In this case I'm beyond sceptical. Stem cells are often given to medical tourists as the very words conjure up the idea of miracle cures in peoples minds, when there really is no evidence to think it will be of any clinical benefit (and in fact there is often evidence that it will be harmful).

If we were at the stage in medical science where we could cure chronic renal failure by using stem cells we would have done so in rats, or some other model animal, already - and we haven't yet to my knowledge.

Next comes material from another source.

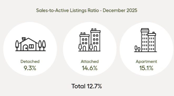 进入2026年,库存压力依然没有缓解。截至目前,大温地区在售房源约为12,550套,比2024年12月高出14.6%,也比过去10年的季节性平均水平高出约35%。从供需关系来看,市场明显向买方倾斜,2025年12月所有房型的“成交量与在售量比值”仅为12.7%,已经属于典型的买方市场区间。
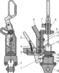 1 – скоба запобіжного гака; 2 – ресора; 3 – подовжня балка підлоги кабіни; 4 – пружина; 5 – запобіжний гак; б – балка заду кабіни; 7 – упор; 8 – рукоятка; 9 – вісь замка; 10 – гак; / / – корпус; 12 – скоба; 13 – гумова подушка; 14 – прокладка; 15 – кронштейн; 16 – обойма ресори

It is likely that the theam that is going to administer th... (read more)

0dee47
to bring to notice the huge fraud in the name of kidney cure, by shijiazhuang kidney disease hospital in china. as soon as u click on a herbal/ natural cure for kidneys, their website opens, and within seconds a doctor comes on a chat window and asks for your condition and test reports. their chat window opens within seconds, day and night. they market a combination therapy of herbal osmosis and stem cell transplant. everyone knows that stem cells have the capacity to regenerate damaged organs. as there is no cure in the world for kidneys, helpless people fall victims to their bait, as the chat is followed up very well by daily phone calls and mails. they also claim to have cured 4000 such cases to give u confidence. on the net they give u a treatment plan between 15,000 to 20,000 usd. once u reach the hospital, after a few checkups, they come back with grim faces and tell u that since u are in the last stage, the treatment plan has to be improved and now it will be 50,000 usd. they did this to all 30 patients who were in with me. people get scared and take loans to somehow manage 50,000 usd. those who cant are given a lower package which they say will take a few extra months to cure. in the hospital, they put on a great act, checking on you 3 times a day, with very serious doctor like faces. then u see a dramatic improvement in 2 or 3 patients, who are actors, hired by the hospital on commission. these guys put on a great act, the hospital throws a party for these guys to celebrate their improvement and they give speeches about their drastic improvement, which is video recorded by the hospital staff. those who were in 2 minds about the treatment, because of the inflated fees, falls for these speeches and then enrolls to the programme. they ask for the payment not in the hospital name, but an individual named lui huizhi, so it cant be traced back to them. not that they are afraid, as chinese govt supports them. then they make u sign an agreement which is all in
Chala00

The peanut is an interesting example. I think projects are underway to produce modified varieties that lack the allergens which people tend to react to.

Chala50

Yeah but remember, there will always be a limit to the price they can charge for the GMO - and that will be determined by the cost of the wild type and the productivity different between the two. Thus Mosanto will only be able to sell it if it is worthwile for the farmers! Also, patents do expire eventually.

Chala10

Lol, I'm still pretty sure it would be bad to put genes in to produce more of them though.

Chala40

I am sorry but I have yet to hear of a GMO project that involved removing micronutrients! The only ones I've heard of have involved adding things, e.g. adding vitamin A to rice, adding virus compounds to potatos to act as a vaccine, adding resistance to parasites and viruses etc. Never, ever ever ever heard of a project to remove something.

Chala60

Your final paragraph isn't really relevant, I mean look at golden rice for instance.

1khafra
Nutritional Science keeps finding out new effects and necessities, where micronutrients are concerned. Unless you're satisfied at the state of nutritional science, you should feel no safer eating foods genetically modified to remove unknown impurities and replace them with known vitamins than you would eating an isocaloric mixture of ghee, bleached flour, egg white, and a multivitamin supplement. edit: It seems I was unclear. What I'm saying is that, in addition to the 13 essential vitamins identified by the NIH, normal food contains thousands upon thousands of chemical compounds with as-yet unknown effects and threshhold doses. Moreover, it is unlikely that a gene insertion or deletion intended only to increase round-up resistance has no effect on its physical makeup. Thus, a belief that the only nutrition which contributes to health is the 13 essential vitamins, plus a good macronutrient ratio, is equivalent to the belief that the only reason to eat more than pure fat, carbohydrate, and protein plus a multivitamin is a taste for variety.
Chala290

GMOs can be safe, they can be unsafe. For instance, if you inserted a gene into a potato to produce poisonous cyanide compounds that would be unsafe. Engineering a rice variety to produce Vitamin A precursors, however, is not likely to be unsafe on a basic scientific level and once the crop has been tested and retested for toxicity and other concerns it is simply not plausible that it would be dangerous.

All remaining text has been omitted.